Data items

···

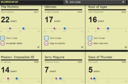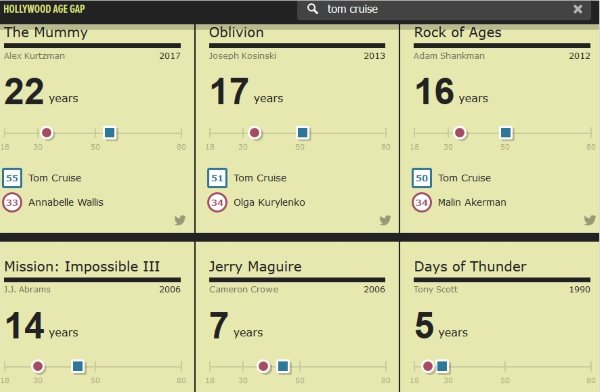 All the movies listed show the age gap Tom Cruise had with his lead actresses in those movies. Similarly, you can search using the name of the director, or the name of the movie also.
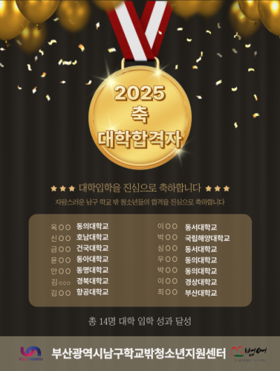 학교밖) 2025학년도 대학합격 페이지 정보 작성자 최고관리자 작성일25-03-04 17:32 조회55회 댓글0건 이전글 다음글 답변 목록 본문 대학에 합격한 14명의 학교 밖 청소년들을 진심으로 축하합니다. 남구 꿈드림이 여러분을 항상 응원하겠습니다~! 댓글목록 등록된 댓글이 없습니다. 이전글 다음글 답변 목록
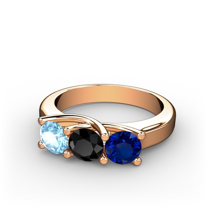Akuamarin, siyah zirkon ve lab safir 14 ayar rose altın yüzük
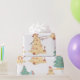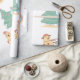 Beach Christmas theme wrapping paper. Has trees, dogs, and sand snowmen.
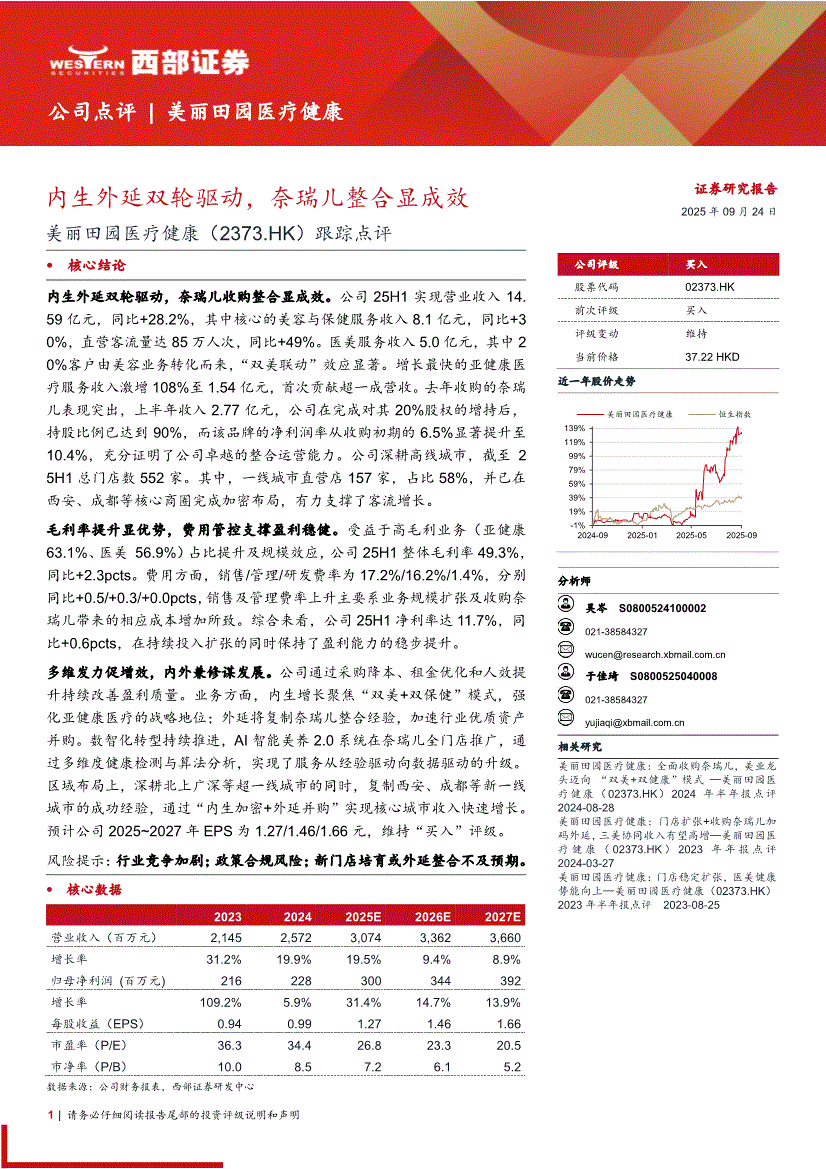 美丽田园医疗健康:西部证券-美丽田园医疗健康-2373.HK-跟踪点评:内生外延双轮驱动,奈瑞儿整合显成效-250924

···

The task: What is the exact wording of the lines from the one bearing "Akuamarin, siyah zirkon" through the final line of the records above? Write it out without the pictures.

Written answer:
Akuamarin, siyah zirkon ve lab safir 14 ayar rose altın yüzük
 Beach Christmas theme wrapping paper. Has trees, dogs, and sand snowmen.
 美丽田园医疗健康:西部证券-美丽田园医疗健康-2373.HK-跟踪点评:内生外延双轮驱动,奈瑞儿整合显成效-250924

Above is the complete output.